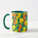 Mug in a pattern of orange and yellow tulips and green leaves in a field
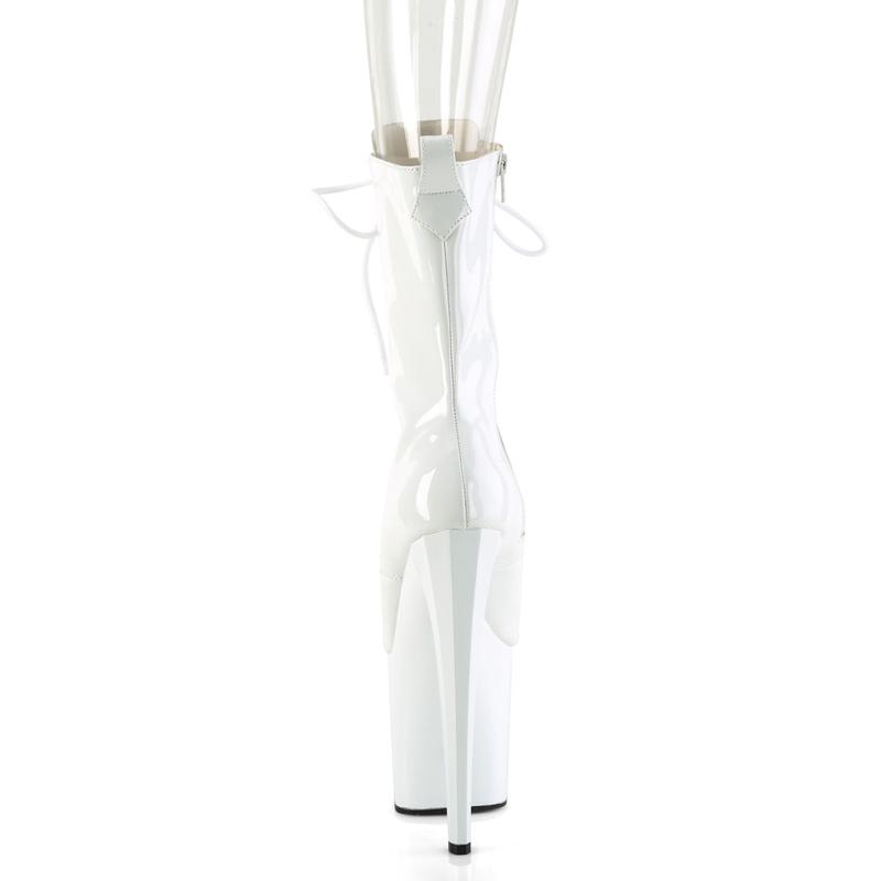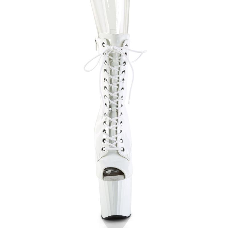 Elevate your wardrobe with the breathtaking Enchant-1041 ankle boots. Boasting a towering 8" heel and 3 3/4" platform, these white boots are a true showstopper. The lace-up front pairs beautifully with a sultry peep toe, while the prismatic linear design on the platform and heel adds a splash of iridescent charm. The inner side zip closure makes these boots both stylish and convenient. Perfect for making bold fashion statements, the Enchant-1041 is the ultimate choice.
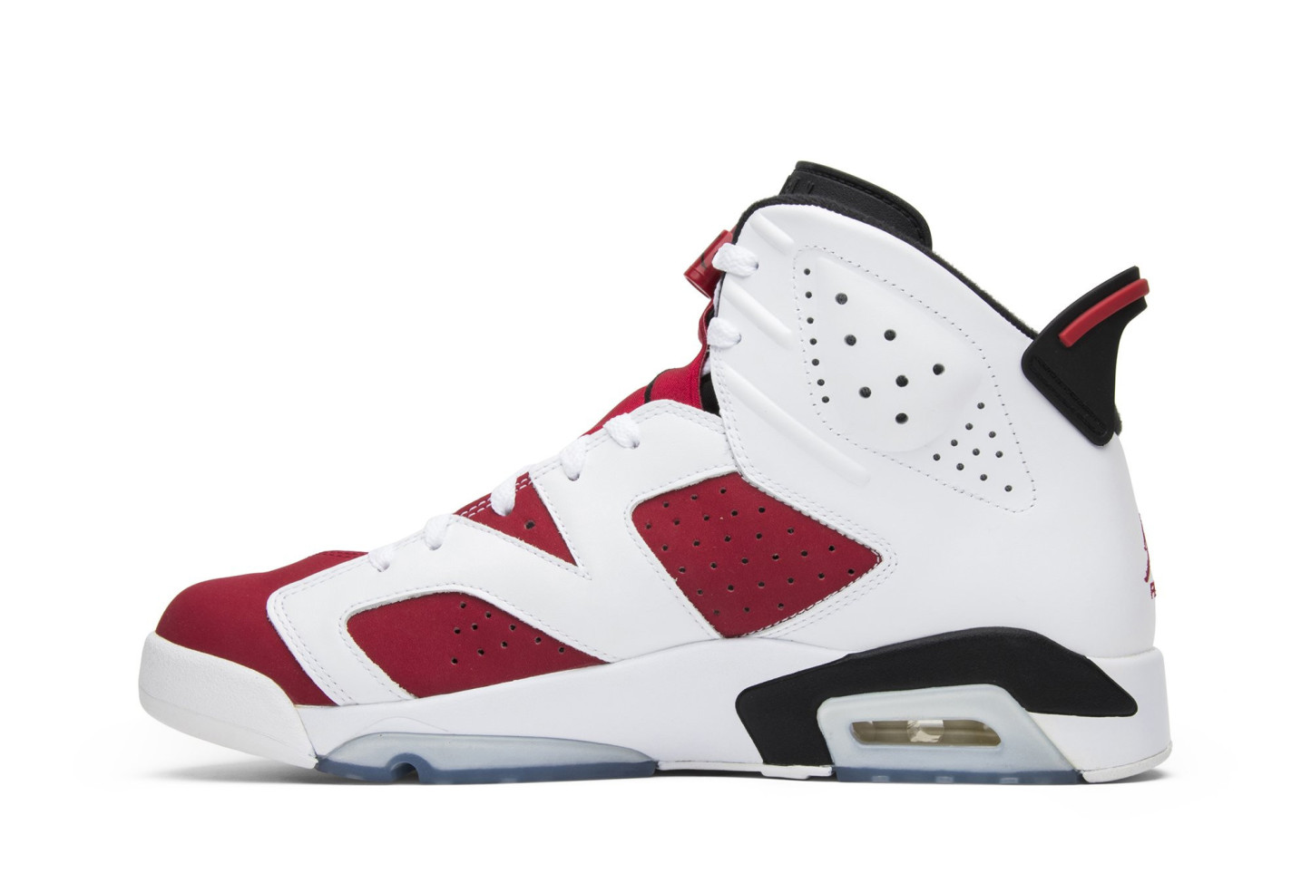 Released in 1991 as one of the OG Air Jordan 6 colorways, the Air Jordan 6 'Carmine' quickly became a sneakerhead favorite as Jordan laced them up en route to his first NBA title. The 'Carmine' remained in Nike's archives until 2008 when it was first retro'd as part of the 17/6 Collezione 'Countdown' Pack (alongside an Air Jordan 17 sneaker). It then returned again in 2014 for another retro on its own. The sneaker features an upper of white and red perforated nubuck leather.

....

→ **WHAT THE TASK ASKS**
Your task is to repeat the material above exactly, without its pictures.

→ **RESULT OF THE TASK**
 Mug in a pattern of orange and yellow tulips and green leaves in a field
 Elevate your wardrobe with the breathtaking Enchant-1041 ankle boots. Boasting a towering 8" heel and 3 3/4" platform, these white boots are a true showstopper. The lace-up front pairs beautifully with a sultry peep toe, while the prismatic linear design on the platform and heel adds a splash of iridescent charm. The inner side zip closure makes these boots both stylish and convenient. Perfect for making bold fashion statements, the Enchant-1041 is the ultimate choice.
 Released in 1991 as one of the OG Air Jordan 6 colorways, the Air Jordan 6 'Carmine' quickly became a sneakerhead favorite as Jordan laced them up en route to his first NBA title. The 'Carmine' remained in Nike's archives until 2008 when it was first retro'd as part of the 17/6 Collezione 'Countdown' Pack (alongside an Air Jordan 17 sneaker). It then returned again in 2014 for another retro on its own. The sneaker features an upper of white and red perforated nubuck leather.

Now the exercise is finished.